I’m confused about the steps to go from a simple linear regression to logistic regression.

If we have a dataset consisting of a column of x values and a column of y values (the values we want to predict), then we can run a simple linear regression to get a predictive model such that y_pred = B1x + c, where B1 is the coefficient for our inputs, x, and c is the intercept of the line.

Now let’s say y is categorical such that it is either 1 or 0. 1 if event occurs, and 0 of it does not. Many of the videos I’ve watched tell me to think of y_pred as a probability even though it’s not. If we think of it as a probability it makes no sense because, assuming the regression line has positive slope, for very large values of x we get y_pred values which can go to infinity. Also for small values of x, depending on the regression line, may have negative predicted values.
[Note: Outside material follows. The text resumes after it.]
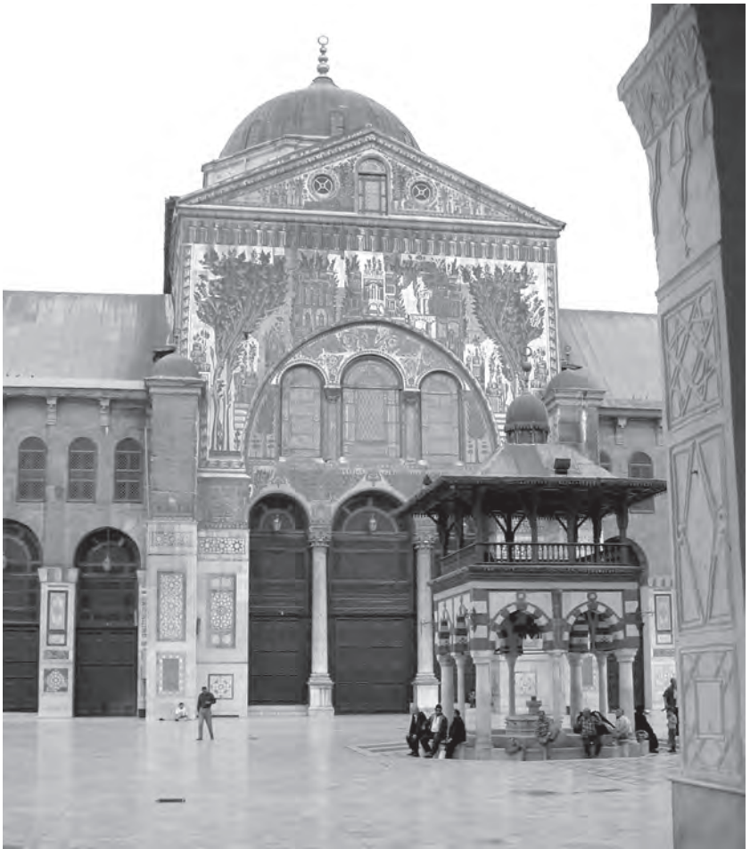
De naar de binnenhof gekeerde hoofdafaçade van de Omajjaden-moskee in Damascus. Bij de bouw van de moskee, in het begin van de achtste eeuw, werden door Byzantijns-Syrische kunstenaars mozaïeken met voorstellingen van paradijselijke tuinen aangebracht.

Both of those are not a way to think about probabilities so we throw linear regression out and try something else.

As a next step, they say to start calling y_pred “z” and think of a function that can take in the z values we got from our linear regression output and map them to values between 0 and 1. A sigmoid does this well and is described as P = 1/(1+e^(-z)). If we now make a new column of data, P, using all our z values, then we now have a column of data that tells us the probability of a 1 or 0 based on the independent variable. But to fit the data better we think of P = (1/e^(-z)) as ln(p/(p-1)) = z, as they are equivalent. Then we perform something called maximum likelihood estimation to get a new coefficient for x and c so the curve fits the data better.

I think my confusion is this: why do we care about log odds? Why not just pass z through the sigmoid, fit it, and use that to get probabilities for varying x values? Am I just so lost that I’m going in circles with misunderstandings?